(Entries taken from a collection)
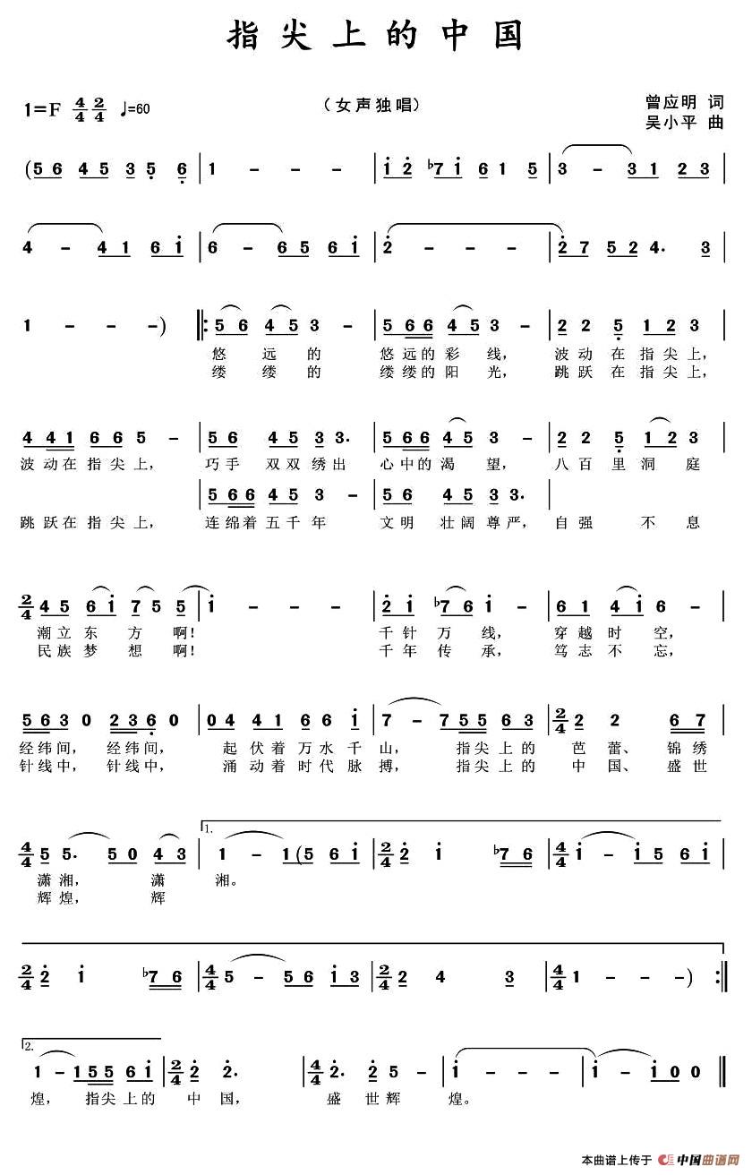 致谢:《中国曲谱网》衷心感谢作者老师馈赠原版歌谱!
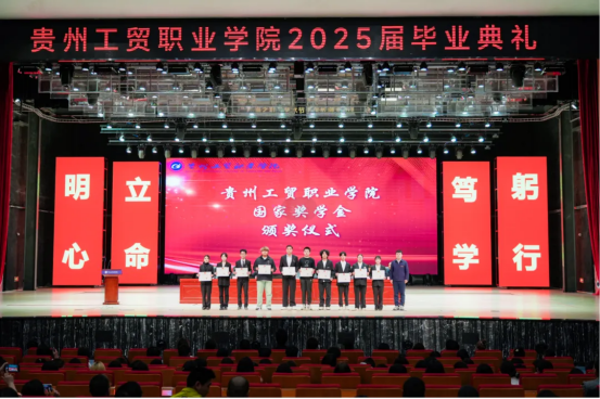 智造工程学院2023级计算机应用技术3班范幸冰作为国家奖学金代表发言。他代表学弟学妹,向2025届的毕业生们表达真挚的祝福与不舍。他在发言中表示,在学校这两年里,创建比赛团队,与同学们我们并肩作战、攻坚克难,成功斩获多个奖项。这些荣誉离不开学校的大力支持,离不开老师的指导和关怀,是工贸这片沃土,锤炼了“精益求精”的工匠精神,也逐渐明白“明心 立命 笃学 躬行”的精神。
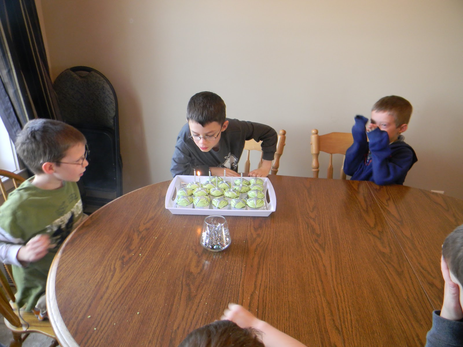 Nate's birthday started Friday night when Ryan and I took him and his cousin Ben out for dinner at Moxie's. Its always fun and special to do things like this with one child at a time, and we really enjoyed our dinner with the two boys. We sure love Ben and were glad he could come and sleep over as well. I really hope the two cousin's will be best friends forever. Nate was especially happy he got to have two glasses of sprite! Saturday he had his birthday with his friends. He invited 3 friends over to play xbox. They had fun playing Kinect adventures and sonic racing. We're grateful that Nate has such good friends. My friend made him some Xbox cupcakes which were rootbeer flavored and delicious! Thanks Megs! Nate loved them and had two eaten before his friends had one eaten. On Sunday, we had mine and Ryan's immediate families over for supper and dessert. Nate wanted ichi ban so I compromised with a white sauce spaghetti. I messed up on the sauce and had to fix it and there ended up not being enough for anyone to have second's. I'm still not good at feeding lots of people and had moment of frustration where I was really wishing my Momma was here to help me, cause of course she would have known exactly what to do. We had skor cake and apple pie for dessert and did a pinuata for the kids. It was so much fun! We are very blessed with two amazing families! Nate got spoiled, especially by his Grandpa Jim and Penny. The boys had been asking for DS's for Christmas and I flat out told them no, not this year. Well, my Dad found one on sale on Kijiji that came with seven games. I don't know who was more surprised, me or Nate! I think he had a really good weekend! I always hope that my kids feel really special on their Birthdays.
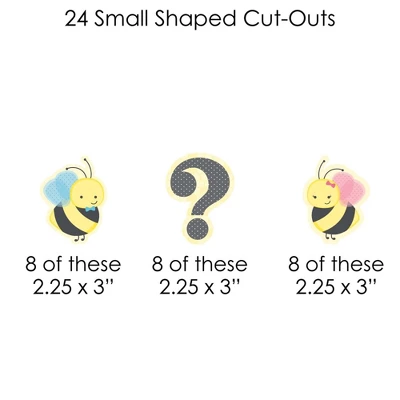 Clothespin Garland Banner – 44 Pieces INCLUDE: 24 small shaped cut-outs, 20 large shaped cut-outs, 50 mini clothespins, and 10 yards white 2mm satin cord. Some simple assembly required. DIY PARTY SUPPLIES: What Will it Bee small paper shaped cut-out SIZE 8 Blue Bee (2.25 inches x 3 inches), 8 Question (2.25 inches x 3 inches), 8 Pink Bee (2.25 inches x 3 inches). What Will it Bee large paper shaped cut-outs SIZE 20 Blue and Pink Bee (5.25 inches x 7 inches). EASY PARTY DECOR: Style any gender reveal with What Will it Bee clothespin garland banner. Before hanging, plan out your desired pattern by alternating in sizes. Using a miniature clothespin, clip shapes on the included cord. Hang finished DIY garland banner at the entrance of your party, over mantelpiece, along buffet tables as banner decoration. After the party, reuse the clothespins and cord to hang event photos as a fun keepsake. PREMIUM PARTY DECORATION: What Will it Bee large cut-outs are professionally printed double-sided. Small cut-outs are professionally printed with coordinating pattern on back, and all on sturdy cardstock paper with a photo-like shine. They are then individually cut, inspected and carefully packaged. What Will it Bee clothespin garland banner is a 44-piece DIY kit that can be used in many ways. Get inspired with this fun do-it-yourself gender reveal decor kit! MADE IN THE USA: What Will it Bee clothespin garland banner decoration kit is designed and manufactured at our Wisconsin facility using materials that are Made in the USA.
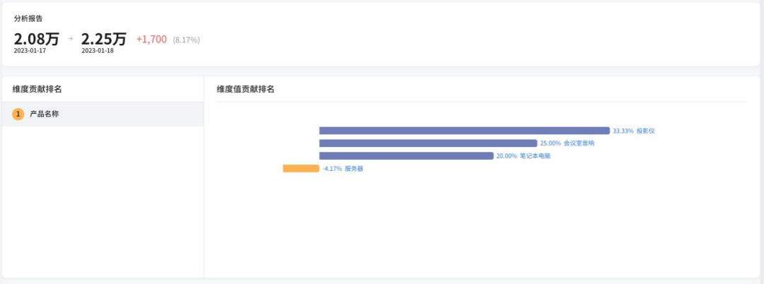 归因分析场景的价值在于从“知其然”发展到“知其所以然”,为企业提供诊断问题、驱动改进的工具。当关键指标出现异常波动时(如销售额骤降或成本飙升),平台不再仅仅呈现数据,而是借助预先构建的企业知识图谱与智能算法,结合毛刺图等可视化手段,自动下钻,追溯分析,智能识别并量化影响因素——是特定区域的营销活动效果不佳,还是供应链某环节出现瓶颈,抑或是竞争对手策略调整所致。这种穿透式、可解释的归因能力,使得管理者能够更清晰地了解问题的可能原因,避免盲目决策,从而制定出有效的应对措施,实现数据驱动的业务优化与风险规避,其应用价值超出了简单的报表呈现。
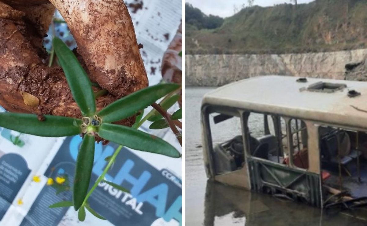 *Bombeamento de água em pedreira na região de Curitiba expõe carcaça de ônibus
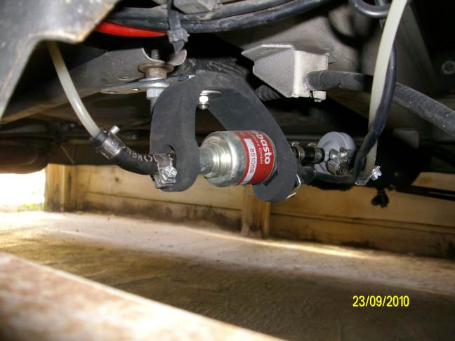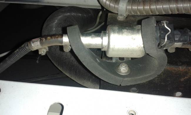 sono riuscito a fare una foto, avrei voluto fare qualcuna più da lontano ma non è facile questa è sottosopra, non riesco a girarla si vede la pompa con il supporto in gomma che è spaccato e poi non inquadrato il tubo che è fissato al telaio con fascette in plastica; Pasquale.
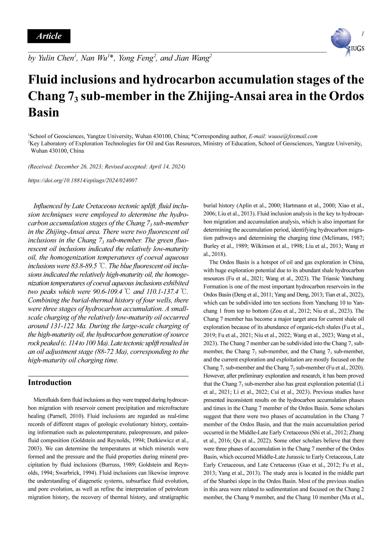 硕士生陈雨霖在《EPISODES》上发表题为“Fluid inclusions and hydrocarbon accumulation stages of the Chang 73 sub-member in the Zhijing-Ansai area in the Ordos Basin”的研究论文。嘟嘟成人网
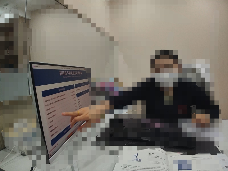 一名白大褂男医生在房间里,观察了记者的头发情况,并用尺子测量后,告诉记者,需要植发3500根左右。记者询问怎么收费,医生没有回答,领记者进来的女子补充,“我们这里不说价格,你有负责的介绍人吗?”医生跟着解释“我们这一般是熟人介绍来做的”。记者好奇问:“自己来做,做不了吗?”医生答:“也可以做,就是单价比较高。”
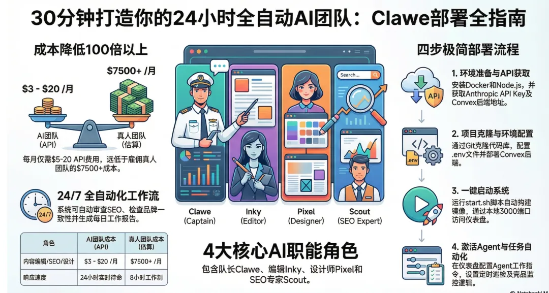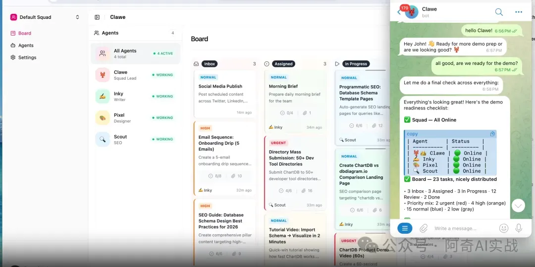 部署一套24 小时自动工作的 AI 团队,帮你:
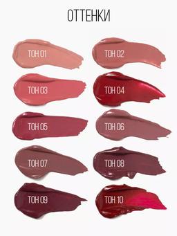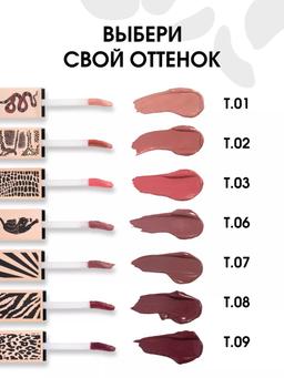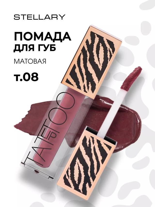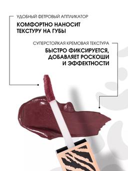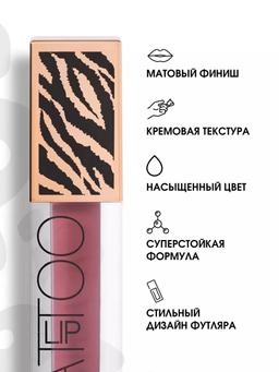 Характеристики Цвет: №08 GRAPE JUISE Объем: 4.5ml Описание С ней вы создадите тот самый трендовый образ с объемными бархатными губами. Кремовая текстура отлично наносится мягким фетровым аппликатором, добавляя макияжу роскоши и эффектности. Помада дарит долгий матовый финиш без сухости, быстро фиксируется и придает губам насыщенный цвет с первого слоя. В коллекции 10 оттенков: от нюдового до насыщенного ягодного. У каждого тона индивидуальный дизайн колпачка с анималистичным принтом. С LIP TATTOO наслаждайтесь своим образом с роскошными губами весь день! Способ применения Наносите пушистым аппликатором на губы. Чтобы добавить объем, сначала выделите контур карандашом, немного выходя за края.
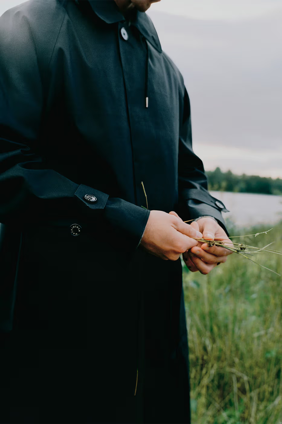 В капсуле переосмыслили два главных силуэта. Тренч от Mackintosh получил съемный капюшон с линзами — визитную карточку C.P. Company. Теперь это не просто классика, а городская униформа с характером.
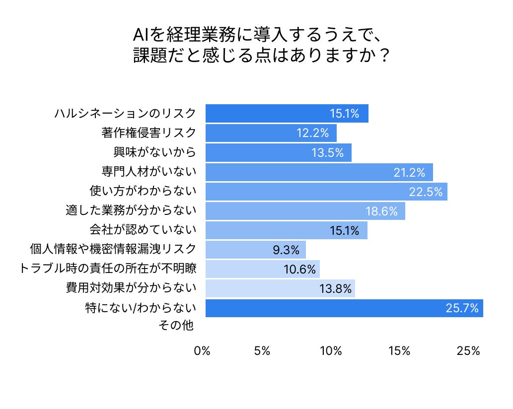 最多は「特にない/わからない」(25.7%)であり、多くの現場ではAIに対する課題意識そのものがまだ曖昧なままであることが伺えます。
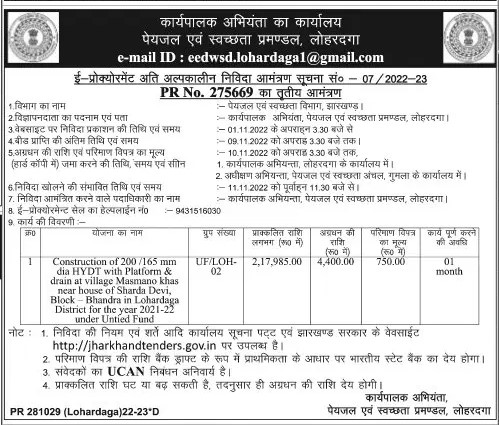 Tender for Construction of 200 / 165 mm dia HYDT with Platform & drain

Exercise description:
Write the entries out again exactly as they appear, with the pictures omitted.

Result of the exercise:
 致谢:《中国曲谱网》衷心感谢作者老师馈赠原版歌谱!
 智造工程学院2023级计算机应用技术3班范幸冰作为国家奖学金代表发言。他代表学弟学妹,向2025届的毕业生们表达真挚的祝福与不舍。他在发言中表示,在学校这两年里,创建比赛团队,与同学们我们并肩作战、攻坚克难,成功斩获多个奖项。这些荣誉离不开学校的大力支持,离不开老师的指导和关怀,是工贸这片沃土,锤炼了“精益求精”的工匠精神,也逐渐明白“明心 立命 笃学 躬行”的精神。
 Nate's birthday started Friday night when Ryan and I took him and his cousin Ben out for dinner at Moxie's. Its always fun and special to do things like this with one child at a time, and we really enjoyed our dinner with the two boys. We sure love Ben and were glad he could come and sleep over as well. I really hope the two cousin's will be best friends forever. Nate was especially happy he got to have two glasses of sprite! Saturday he had his birthday with his friends. He invited 3 friends over to play xbox. They had fun playing Kinect adventures and sonic racing. We're grateful that Nate has such good friends. My friend made him some Xbox cupcakes which were rootbeer flavored and delicious! Thanks Megs! Nate loved them and had two eaten before his friends had one eaten. On Sunday, we had mine and Ryan's immediate families over for supper and dessert. Nate wanted ichi ban so I compromised with a white sauce spaghetti. I messed up on the sauce and had to fix it and there ended up not being enough for anyone to have second's. I'm still not good at feeding lots of people and had moment of frustration where I was really wishing my Momma was here to help me, cause of course she would have known exactly what to do. We had skor cake and apple pie for dessert and did a pinuata for the kids. It was so much fun! We are very blessed with two amazing families! Nate got spoiled, especially by his Grandpa Jim and Penny. The boys had been asking for DS's for Christmas and I flat out told them no, not this year. Well, my Dad found one on sale on Kijiji that came with seven games. I don't know who was more surprised, me or Nate! I think he had a really good weekend! I always hope that my kids feel really special on their Birthdays.
 Clothespin Garland Banner – 44 Pieces INCLUDE: 24 small shaped cut-outs, 20 large shaped cut-outs, 50 mini clothespins, and 10 yards white 2mm satin cord. Some simple assembly required. DIY PARTY SUPPLIES: What Will it Bee small paper shaped cut-out SIZE 8 Blue Bee (2.25 inches x 3 inches), 8 Question (2.25 inches x 3 inches), 8 Pink Bee (2.25 inches x 3 inches). What Will it Bee large paper shaped cut-outs SIZE 20 Blue and Pink Bee (5.25 inches x 7 inches). EASY PARTY DECOR: Style any gender reveal with What Will it Bee clothespin garland banner. Before hanging, plan out your desired pattern by alternating in sizes. Using a miniature clothespin, clip shapes on the included cord. Hang finished DIY garland banner at the entrance of your party, over mantelpiece, along buffet tables as banner decoration. After the party, reuse the clothespins and cord to hang event photos as a fun keepsake. PREMIUM PARTY DECORATION: What Will it Bee large cut-outs are professionally printed double-sided. Small cut-outs are professionally printed with coordinating pattern on back, and all on sturdy cardstock paper with a photo-like shine. They are then individually cut, inspected and carefully packaged. What Will it Bee clothespin garland banner is a 44-piece DIY kit that can be used in many ways. Get inspired with this fun do-it-yourself gender reveal decor kit! MADE IN THE USA: What Will it Bee clothespin garland banner decoration kit is designed and manufactured at our Wisconsin facility using materials that are Made in the USA.
 归因分析场景的价值在于从“知其然”发展到“知其所以然”,为企业提供诊断问题、驱动改进的工具。当关键指标出现异常波动时(如销售额骤降或成本飙升),平台不再仅仅呈现数据,而是借助预先构建的企业知识图谱与智能算法,结合毛刺图等可视化手段,自动下钻,追溯分析,智能识别并量化影响因素——是特定区域的营销活动效果不佳,还是供应链某环节出现瓶颈,抑或是竞争对手策略调整所致。这种穿透式、可解释的归因能力,使得管理者能够更清晰地了解问题的可能原因,避免盲目决策,从而制定出有效的应对措施,实现数据驱动的业务优化与风险规避,其应用价值超出了简单的报表呈现。
 *Bombeamento de água em pedreira na região de Curitiba expõe carcaça de ônibus
 sono riuscito a fare una foto, avrei voluto fare qualcuna più da lontano ma non è facile questa è sottosopra, non riesco a girarla si vede la pompa con il supporto in gomma che è spaccato e poi non inquadrato il tubo che è fissato al telaio con fascette in plastica; Pasquale.
 硕士生陈雨霖在《EPISODES》上发表题为“Fluid inclusions and hydrocarbon accumulation stages of the Chang 73 sub-member in the Zhijing-Ansai area in the Ordos Basin”的研究论文。嘟嘟成人网
 一名白大褂男医生在房间里,观察了记者的头发情况,并用尺子测量后,告诉记者,需要植发3500根左右。记者询问怎么收费,医生没有回答,领记者进来的女子补充,“我们这里不说价格,你有负责的介绍人吗?”医生跟着解释“我们这一般是熟人介绍来做的”。记者好奇问:“自己来做,做不了吗?”医生答:“也可以做,就是单价比较高。”
 部署一套24 小时自动工作的 AI 团队,帮你:
 Характеристики Цвет: №08 GRAPE JUISE Объем: 4.5ml Описание С ней вы создадите тот самый трендовый образ с объемными бархатными губами. Кремовая текстура отлично наносится мягким фетровым аппликатором, добавляя макияжу роскоши и эффектности. Помада дарит долгий матовый финиш без сухости, быстро фиксируется и придает губам насыщенный цвет с первого слоя. В коллекции 10 оттенков: от нюдового до насыщенного ягодного. У каждого тона индивидуальный дизайн колпачка с анималистичным принтом. С LIP TATTOO наслаждайтесь своим образом с роскошными губами весь день! Способ применения Наносите пушистым аппликатором на губы. Чтобы добавить объем, сначала выделите контур карандашом, немного выходя за края.
 В капсуле переосмыслили два главных силуэта. Тренч от Mackintosh получил съемный капюшон с линзами — визитную карточку C.P. Company. Теперь это не просто классика, а городская униформа с характером.
 最多は「特にない/わからない」(25.7%)であり、多くの現場ではAIに対する課題意識そのものがまだ曖昧なままであることが伺えます。
 Tender for Construction of 200 / 165 mm dia HYDT with Platform & drain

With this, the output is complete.